Wednesday, February 24, 2010

Android Self Destructive?

The potential for the various adopters of Android to "go their own way" and not follow a common path is not new.  InfoWorld has really torn into the issue...


Google Android's self-destruction derby begins

By Galen Gruman


Simply put, it's too much of a good thing. Every few days, another Google Android device is announced, as hardware makers and wireless carriers rally around the mobile operating system as the de facto smartphone platform alternative to Apple's limited-availability iPhone and RIM's limited-capability BlackBerry.


That flood of options should be a good thing -- but it's not. In fact, it's a self-destruction derby in action, as phones come out with different versions of the Android OS, with no clear upgrade strategy for either the operating system or the applications users have installed, and with inconsistent deployment of core features. In short, the Android platform is turning out not to be a platform at all, but merely a starting point for a universe of incompatible devices....

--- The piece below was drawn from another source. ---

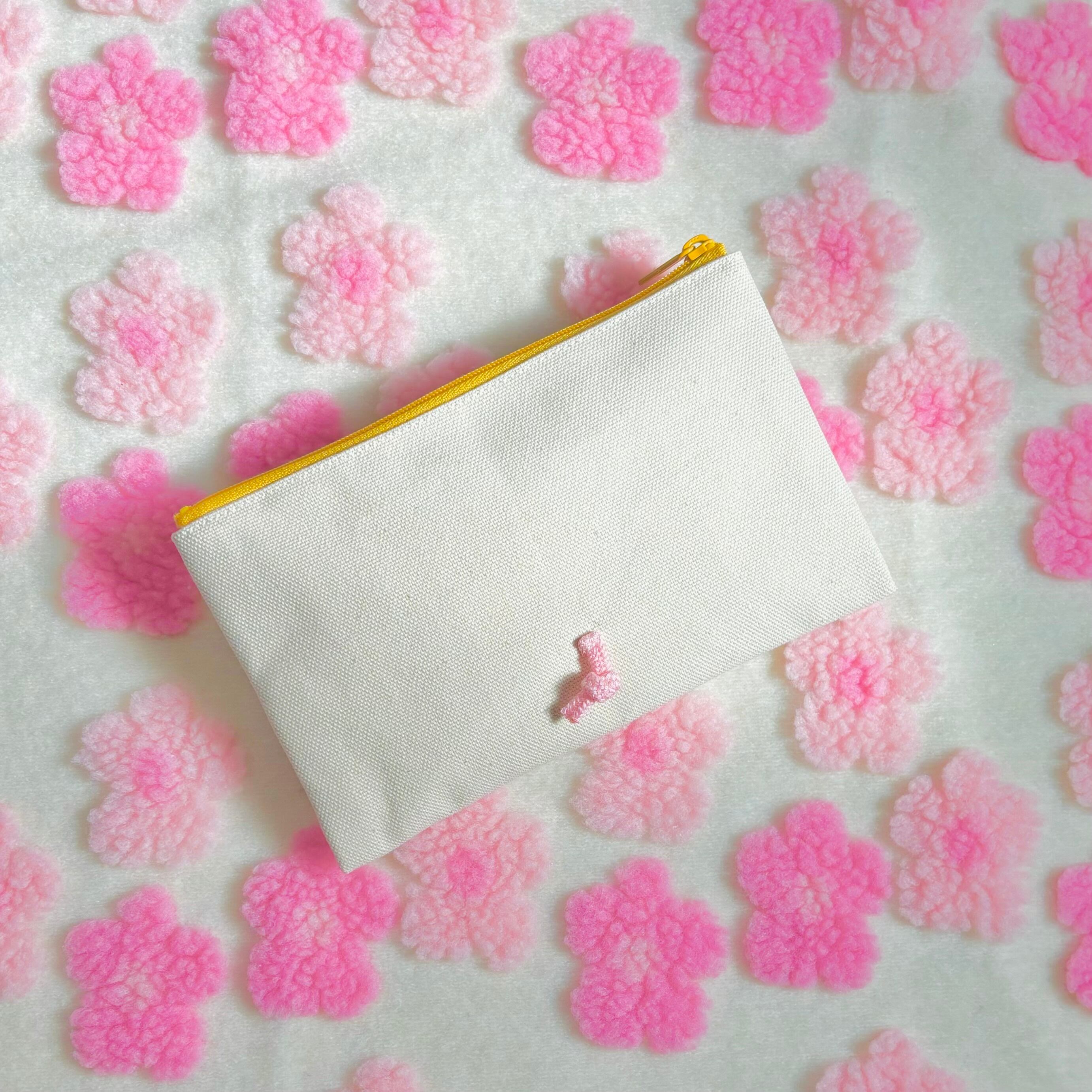 刺繍入り帆布のフラットポーチ

2010, the situation became even murkier. Some carriers updated earlier-version Android smartphones to the 2.1 OS -- but many did not. The 2.1 OS came with Google's Nexus One, what Google called a "superphone" meant to be a standard bearer for the Android platform. Sorry, Droid buyers -- it too lacked multitouch and didn't have a keyboard, plus Google thoroughly screwed up the product support. Next month, Nexus One's manufacturer, HTC, will ship the HTC Desire, essentially the Nexus One with multitouch added using HTC's Sense UI; anyone who bought a Nexus One must feel like a fool for adopting the alleged flagship Android smartphone.

But before HTC Droid Eris and Desire customers gloat, it's not clear what their upgrade path is for apps and the Android operating system itself. Because of the Sense UI (which really should be a standard part of the Android OS), you can't just upgrade the operating system or be sure that your apps will work -- a new OS may break Sense UI, and a new Sense UI may break your apps.


It gets worse. Later this year, Sony Ericsson plans to release its Xperia Mini series -- inexplicably based on Android OS 1.6 and using its own proprietary UI on top.